** GIVEN INFORMATION **
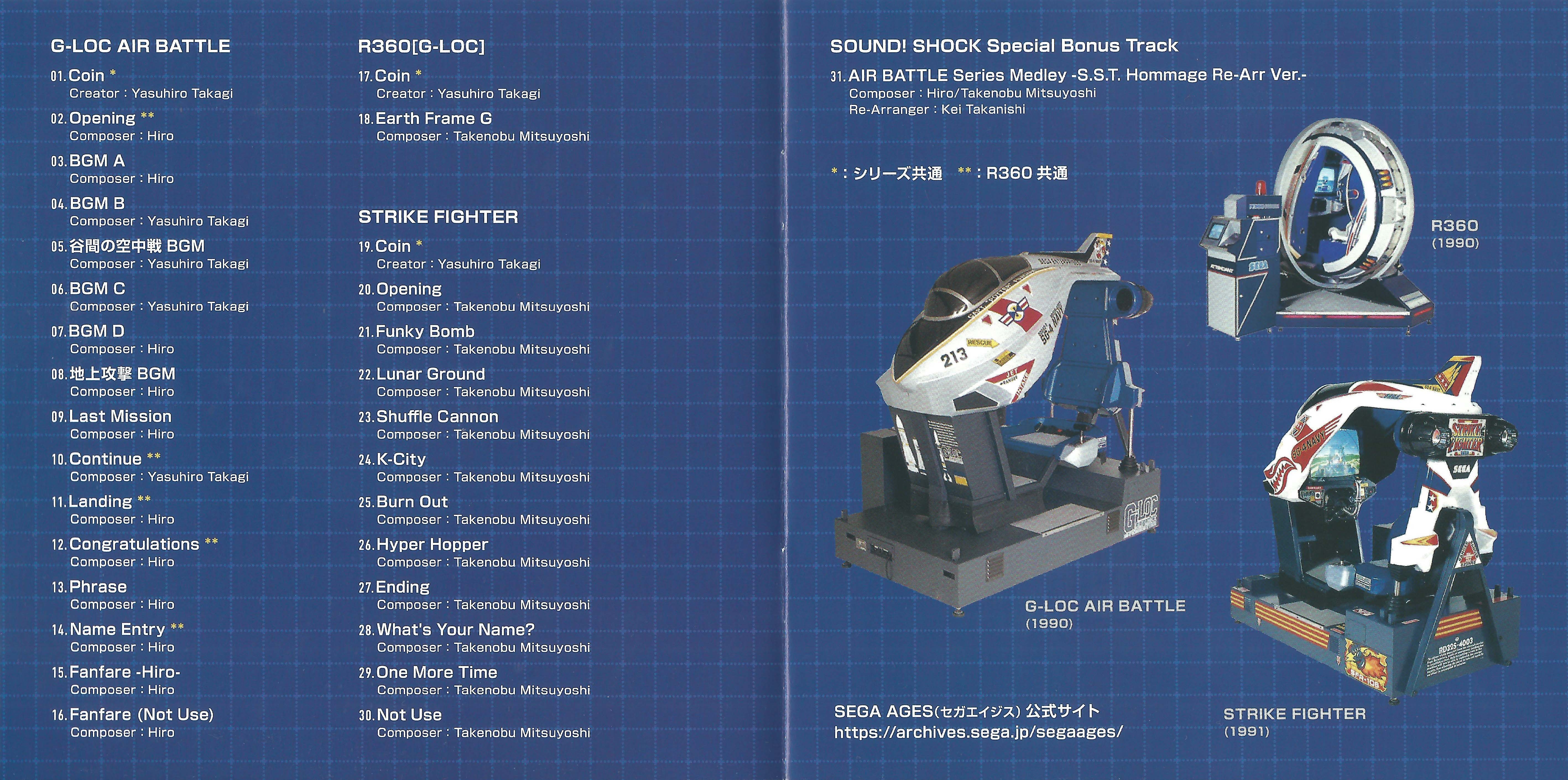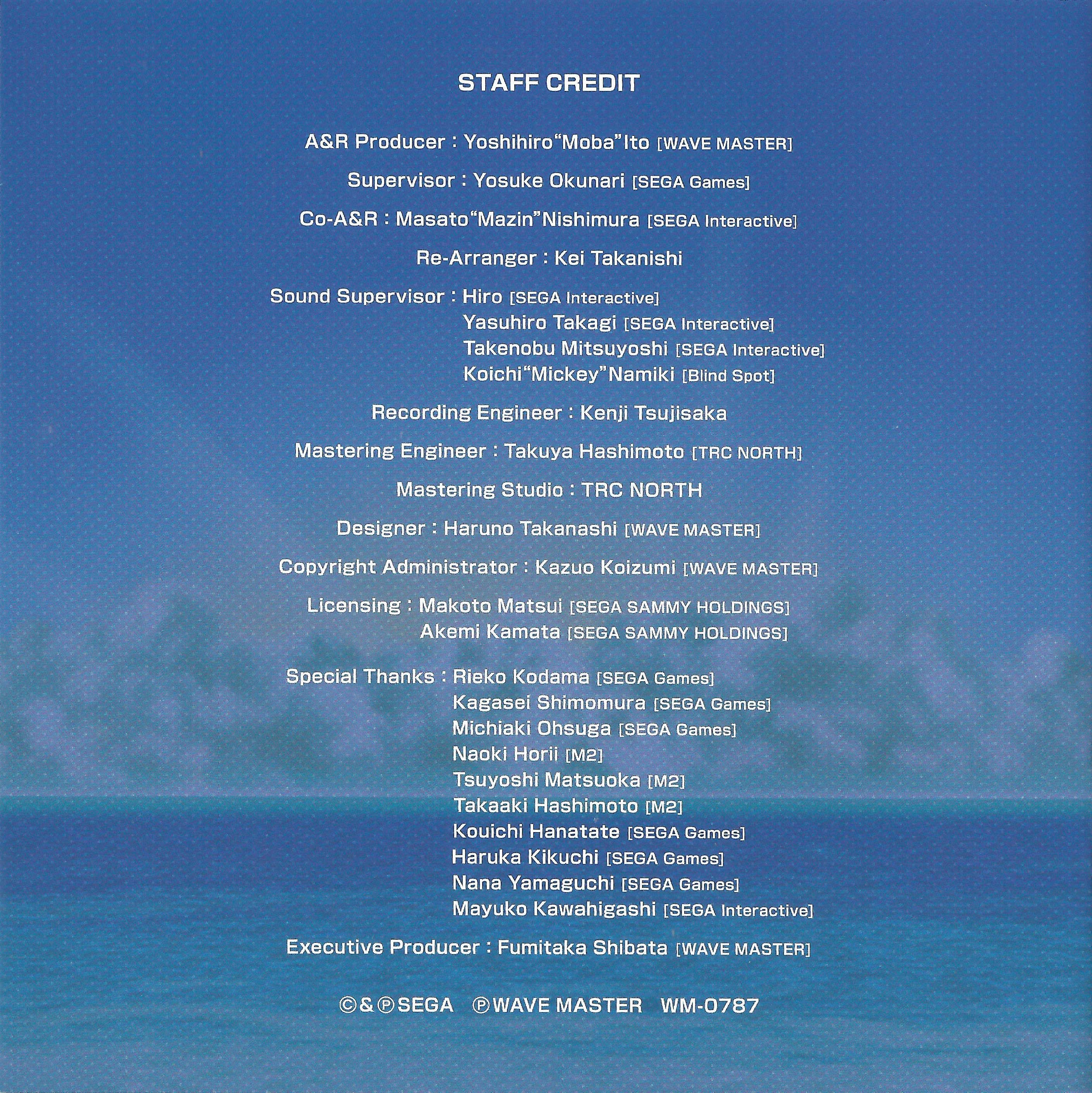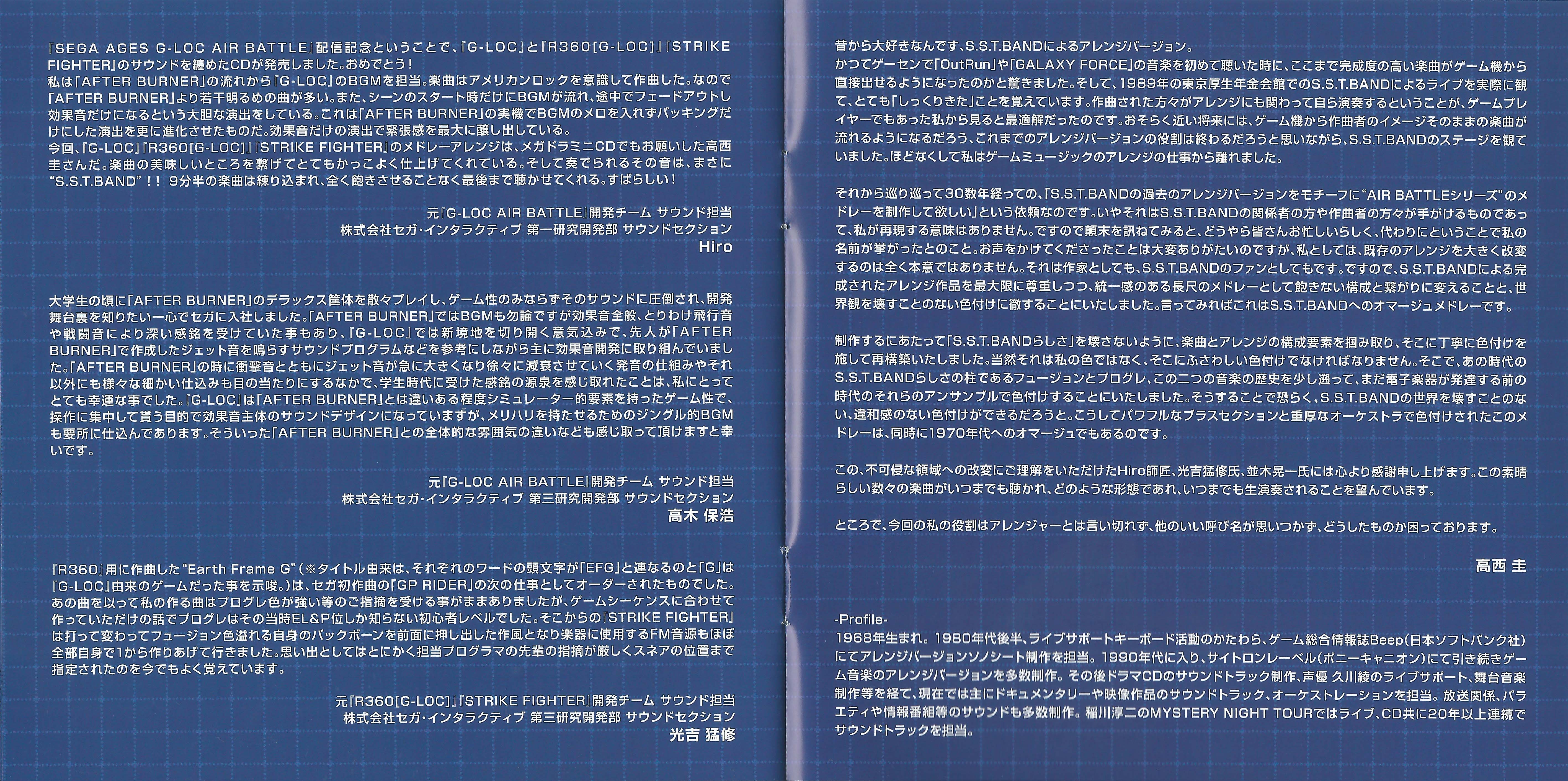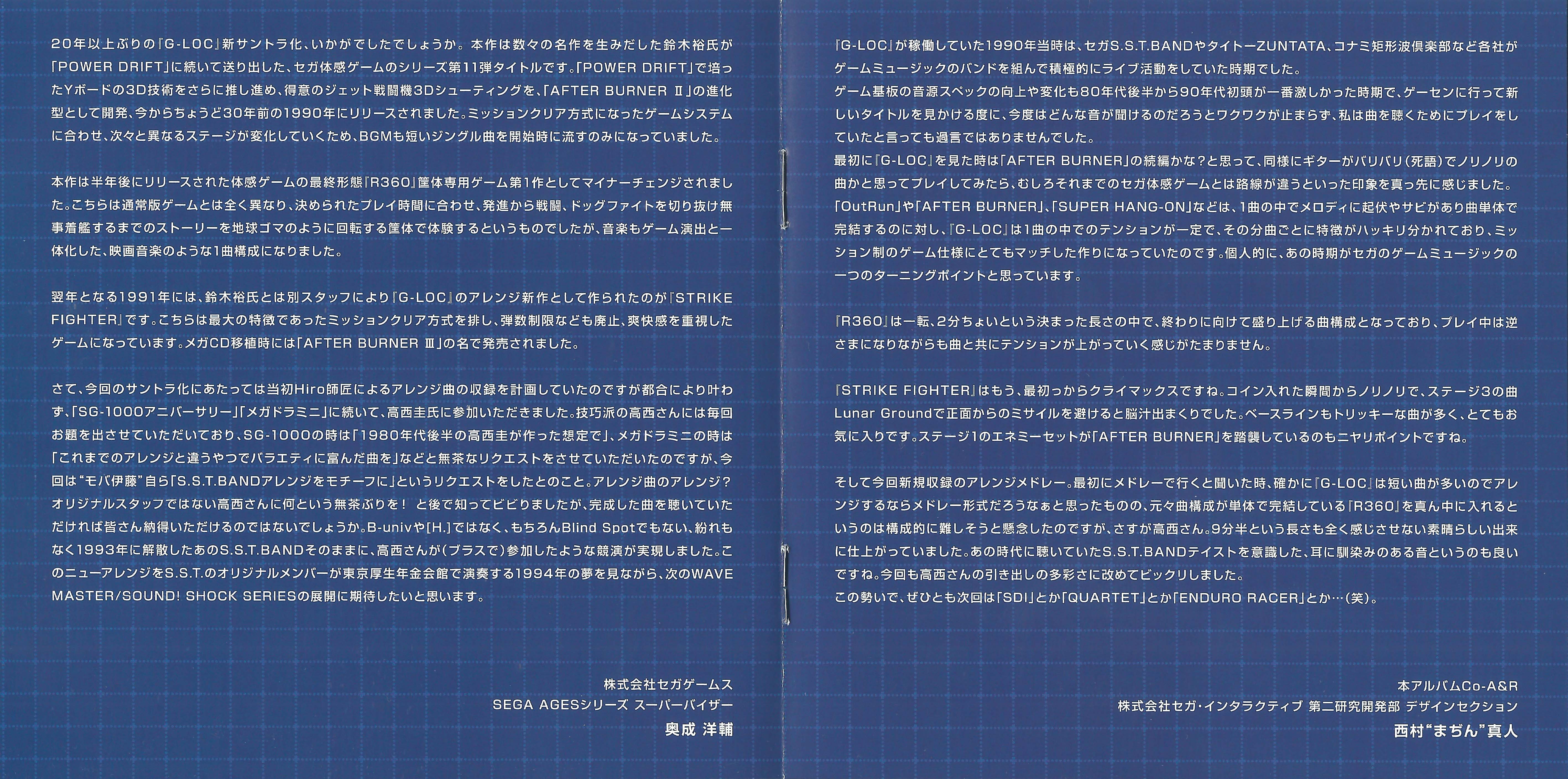 Booklet contains comments from composers Hiro, Yasuhiro Takagi and Takenobu Mitsuyoshi, as well as arranger Kei Takanishi, SEGA AGES series supervisor Yosuke Okunari and album co-A&R Masato "Mazin" Nishimura
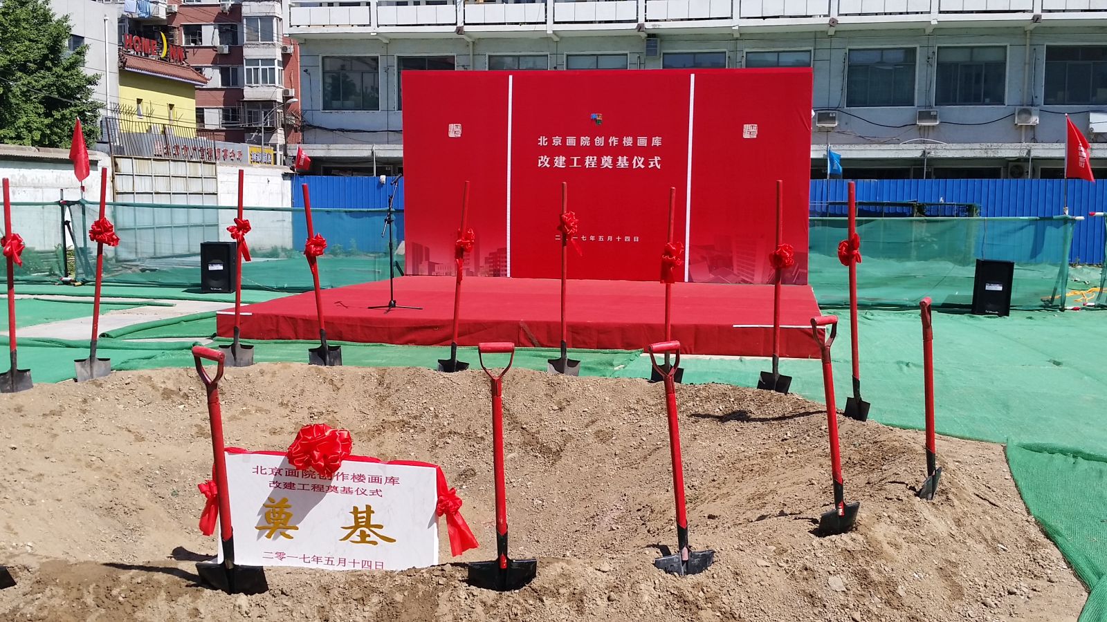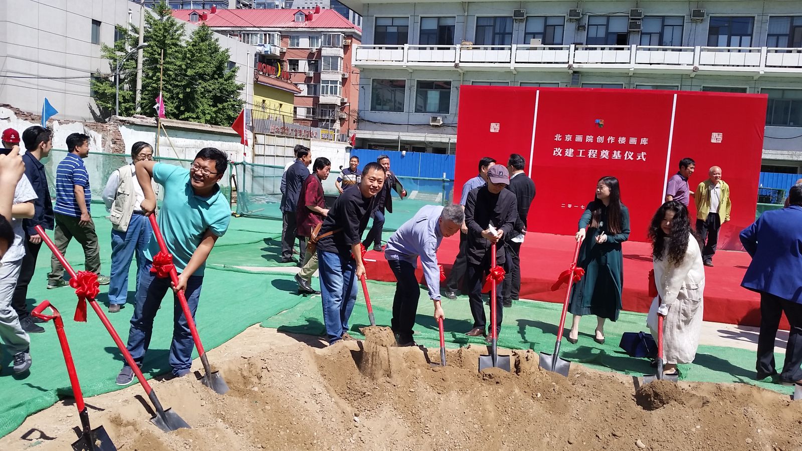 當天,北京畫院創(chuàng)作樓畫庫改建工程奠基儀式同時開啟,北京市委宣傳部主管領導,畫院院長王明明,畫院黨委書記雷波, 設計、 施工、 監(jiān)理單位的主要領導以及眾多老畫家,中青年畫家、藝術家等參加了奠基儀式。落成后的新樓將具備創(chuàng)作、收藏、教學、國際交流等多方位的實用空間,為北京畫院的多元化發(fā)展提供了更多可能。
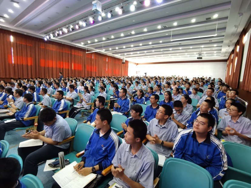 瞿振华为高一、高二年级部分学生做了题为《数学竞赛中的组合问题》讲座。瞿振华首先结合自己的学习经历,生动地讲解了学习数学的方法及解题的一般方法,然后借一道典型的组合问题讲解了解决此类问题的三种基本方法,最后将新讲的方法应用于一道联赛真题。瞿振华深入浅出的讲解让一些没有竞赛经验的学生也听得津津有味,一直学习数学竞赛的学生更是如饮甘露。
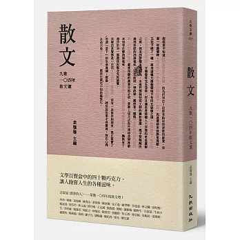 ★??? 由知名散文家袁瓊瓊擔任主編,嚴選本年度文壇佳作,一本書就可讀遍全年度散文精品。
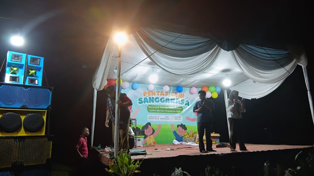 Sindang Sari, 4 Februari 2026 — Kelompok 1 dan Kelompok 2 Kuliah Kerja Nyata (KKN) Universitas Lampung Desa Sindang Sari melaksanakan persiapan intensif untuk program kerja kolaborasi berupa Pentas Seni “Sanggarasa”. Kegiatan ini direncanakan sebagai wadah penampilan peserta didik dari jenjang PAUD, TK, SD, hingga SMP yang ada di Desa Sindang Sari, sekaligus menjadi acara perpisahan KKN Universitas Lampung bersama masyarakat desa.
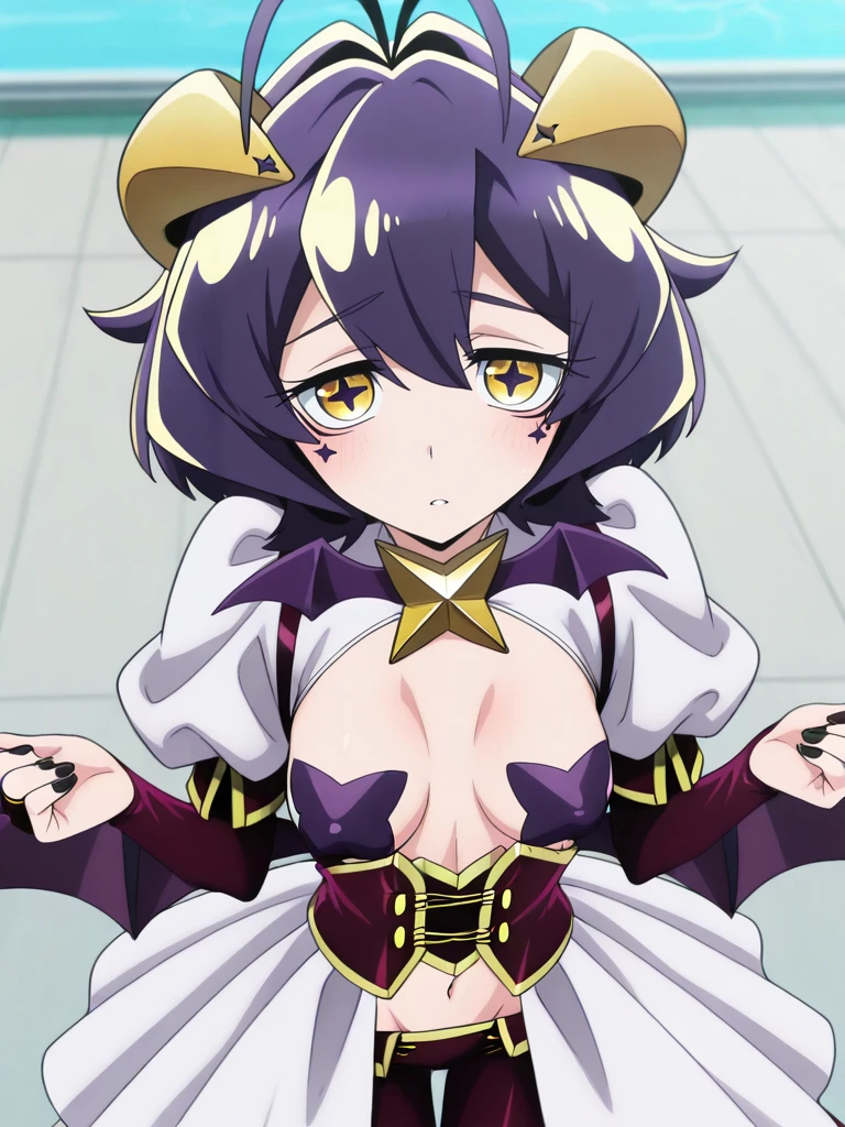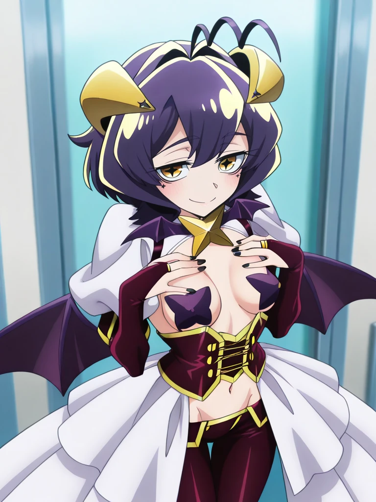 magiaBaiserdress,yellow demon horns,star \(symbol\), symbol-shaped pupils, puffy sleeves,shrug \(clothing\), star pasties, breasts, cleavage,corset,bat wings,purple elbow gloves, purple bridal gauntlets, midriff,navel,corset, white showgirl skirt,purple lowleg pants,black nails,
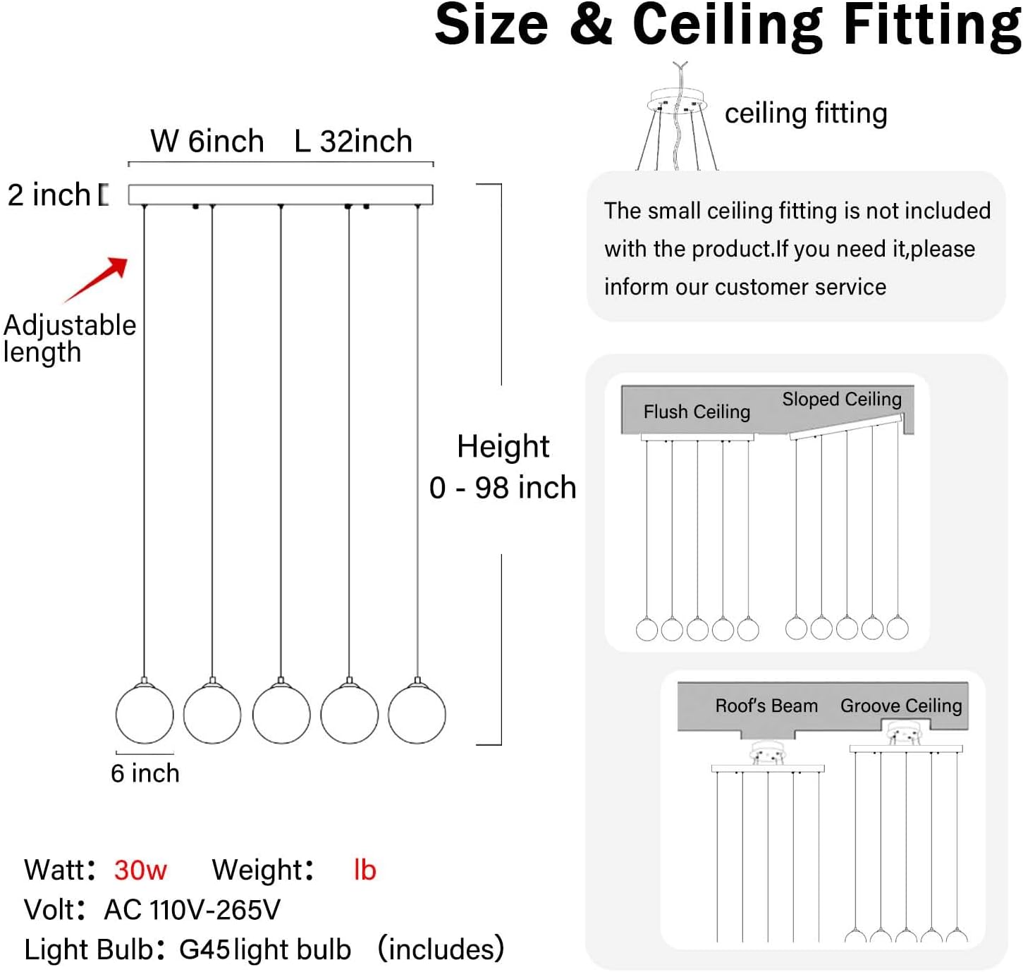 • 【Globe Chandelier Size】Modern Chandelier ceiling plate :L32"x W 6" x H 2", Chandelier max height: 98inch.Glass size:W 6inch * H 6inch,
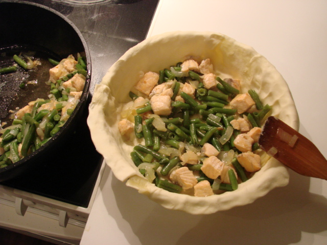 4. Смешиваем фаслось и рыбу с луком, выкладываем в форму для выпекания с тестом.
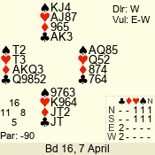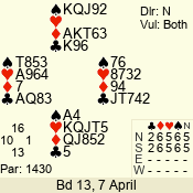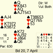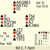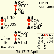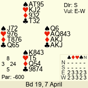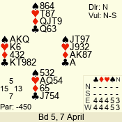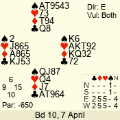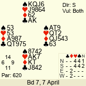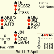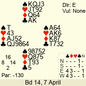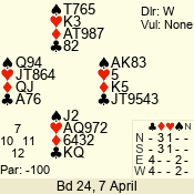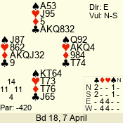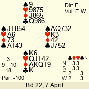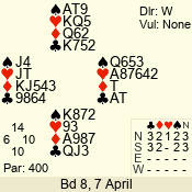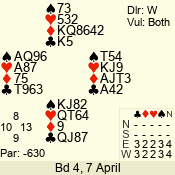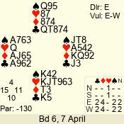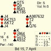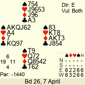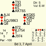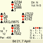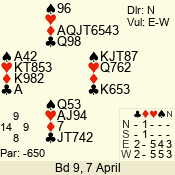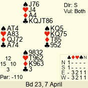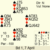 | Con | Dc | Res | Score | Ld | Pairs | Rd | Tbl | | 3 N | E | -4 | 400 | 7 | 07 - 04 | 4 | 7 |

** ASSIGNED TASK **
Each line from the one containing "magiaBaiserdress,yellow demon horns,star" through the last line of the entries above should be duplicated exactly, both included; leave out pictures and add nothing.

** RESPONSE BELOW **
 magiaBaiserdress,yellow demon horns,star \(symbol\), symbol-shaped pupils, puffy sleeves,shrug \(clothing\), star pasties, breasts, cleavage,corset,bat wings,purple elbow gloves, purple bridal gauntlets, midriff,navel,corset, white showgirl skirt,purple lowleg pants,black nails,
 • 【Globe Chandelier Size】Modern Chandelier ceiling plate :L32"x W 6" x H 2", Chandelier max height: 98inch.Glass size:W 6inch * H 6inch,
 4. Смешиваем фаслось и рыбу с луком, выкладываем в форму для выпекания с тестом.
 | Con | Dc | Res | Score | Ld | Pairs | Rd | Tbl | | 3 N | E | -4 | 400 | 7 | 07 - 04 | 4 | 7 |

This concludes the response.